The server country will be used to format currency values in the used language. This property corresponds to the Java VM property: -Duser.country.

  • Default value: System setting of the operating system

Other VM Arguments

This will be passed directly to the VM as an argument.

  • Default value: Empty
  • Example: -javaagent:c:\path\to\your\javaagent.jar

Server Restart

If necessary then it is possible to restart the server in this section. Please note that all unsaved changes will be lost. It could occur that the configuration manager can not reconnect to the server because of changed web server port or modified restrictions for the current user.

Security

Some security settings

Modifies the SameSite attribute of the Set-Cookie HTTP response header. More information about the SameSite Cookie can be found here: https://developer.mozilla.org/en-US/docs/Web/HTTP/Headers/Set-Cookie/SameSite

Note: Using the value None requires that the browsers accesses the INETAPP server using an HTTPS connection. The login via HTTP is no longer available. If, due to a miss-configuration of the HTTPS access, a login is no longer possible, you have to start the Recovery Manager to correct the issue.
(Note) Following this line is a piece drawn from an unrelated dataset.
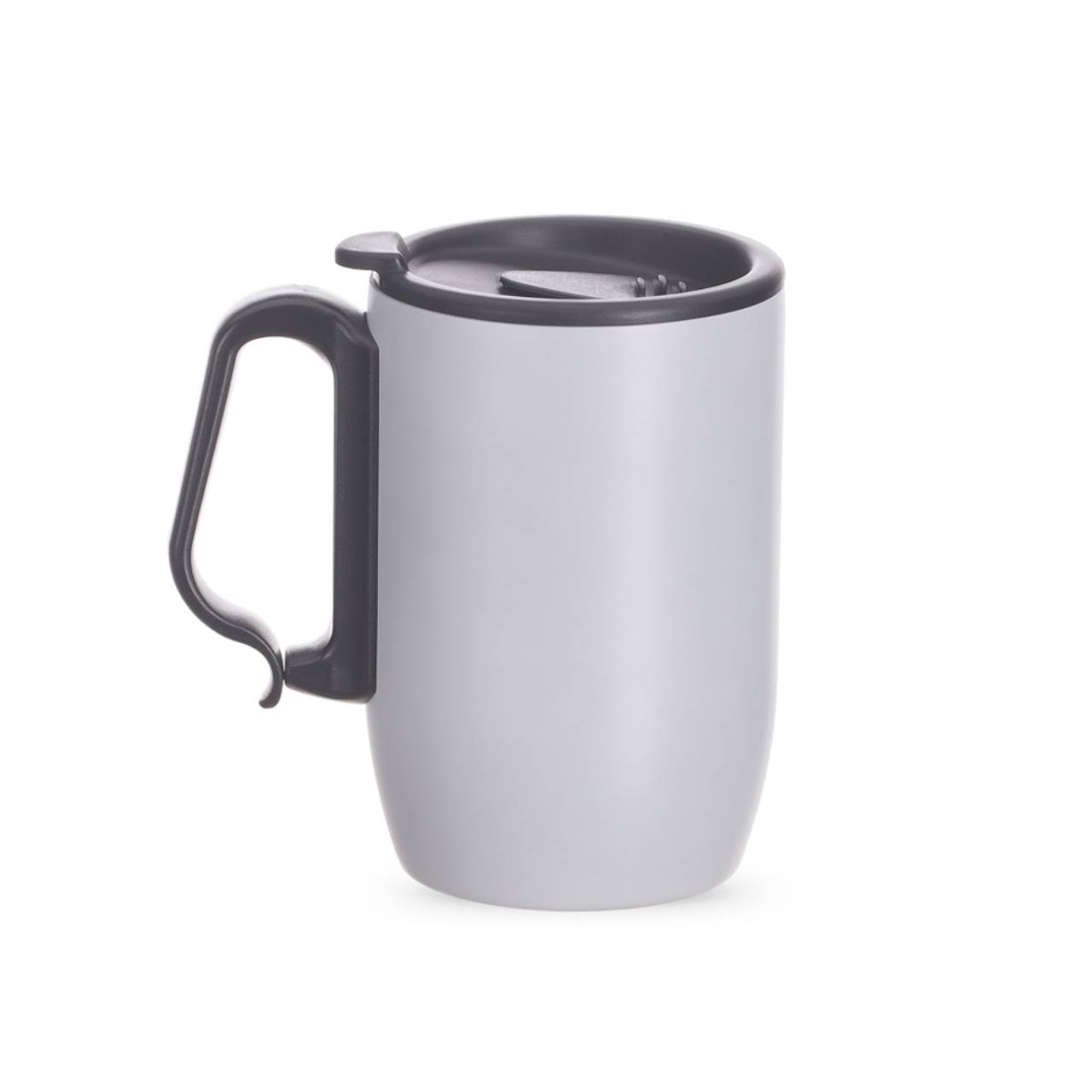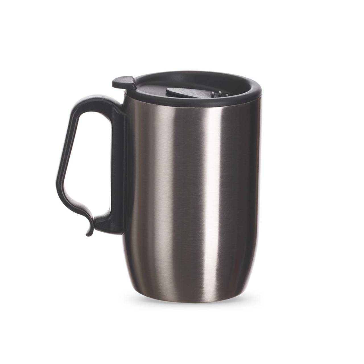 Descrição: Caneca inox 350ml com parede dupla. Possui tampa plástica com trava para abertura do bocal, alça plástica estilo mosquetão e base com apoio EVA. Obs.: Conserva temperatura.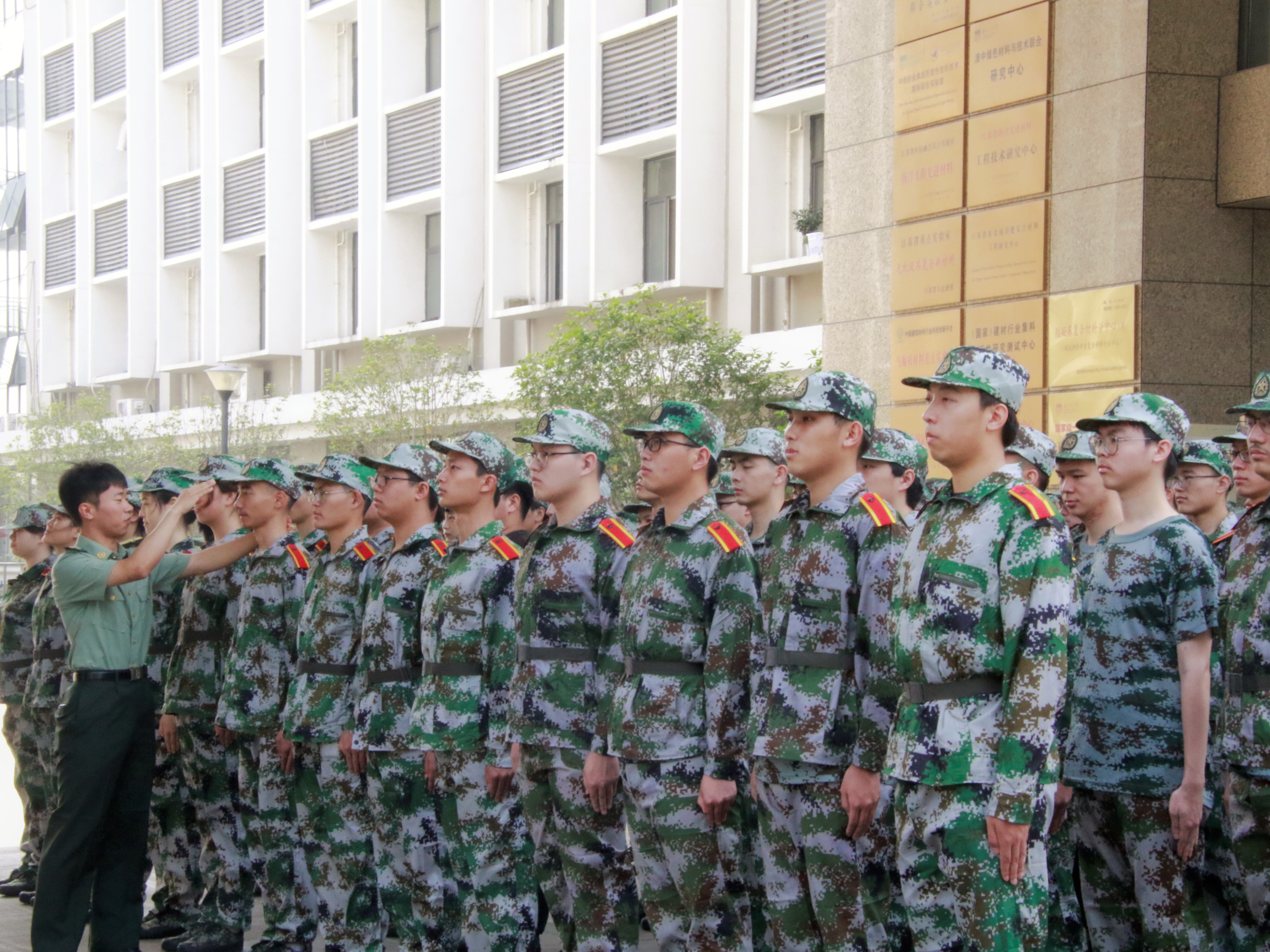 动员大会结束后,材料学子身着整齐的军装,从站军姿、稍息、立正、跨立、停止间转法等基本项目开始学起。每一个动作,教官都亲自分解示范与指导,从摆臂到踢腿,从握拳到绷脚。教官们有力的命令声响彻训练场,同学们嘹亮的口号声振奋着我院学生的士气。烈日炎炎,抵不住青春的热情。军训是大学的“必修课”,是一场身体与意志的磨炼。每踏出一步都是向那个更优秀的自己靠近。

Note: If you're using the OAuth authentication provider you either use Lax or add the providers OAuth URL to the Allowed Cross Origins

Allowed Origins

Enables the Cross-Origin Resource Sharing (CORS) checks. If a value is entered in this fields (see below) it will sent the Access-Control-Allow-Origin to browsers containing:

  1. the values from this field and
  2. the public visible URL

The header entry will make sure the browser adheres to the CORS rules. Additionally the server will also check for that it is addressed with any of the given values. That means that you can not can the servers interface with any other addresses as configured by the public visible URL or any of the values in the Allowed Origins field.

Examples

*

or

http://foo.example.com, http://bar.example.com:9000

or

*.example.com

crossdomain.xml

The content of the crossdomain.xml in the root.

robots.txt

The content of the robots.txt in the root.

Additional HTTP Header

There are two advanced sections, one for additional HTTP and one for HTTPS headers, that can be sent along every response data. This allows to send, e.g. HSTS responses. It is advisable to prefix custom headers with X- to differentiate them from headers of the standard protocol.

Note: Headers that may be interesting for setting up HSTS are documented in the Revewrse Proxy configuration. If your are not using a reverse proxy, you can set these headers here as well.

Note: This feature has to be handled with care to not make server responses unusable by the web client.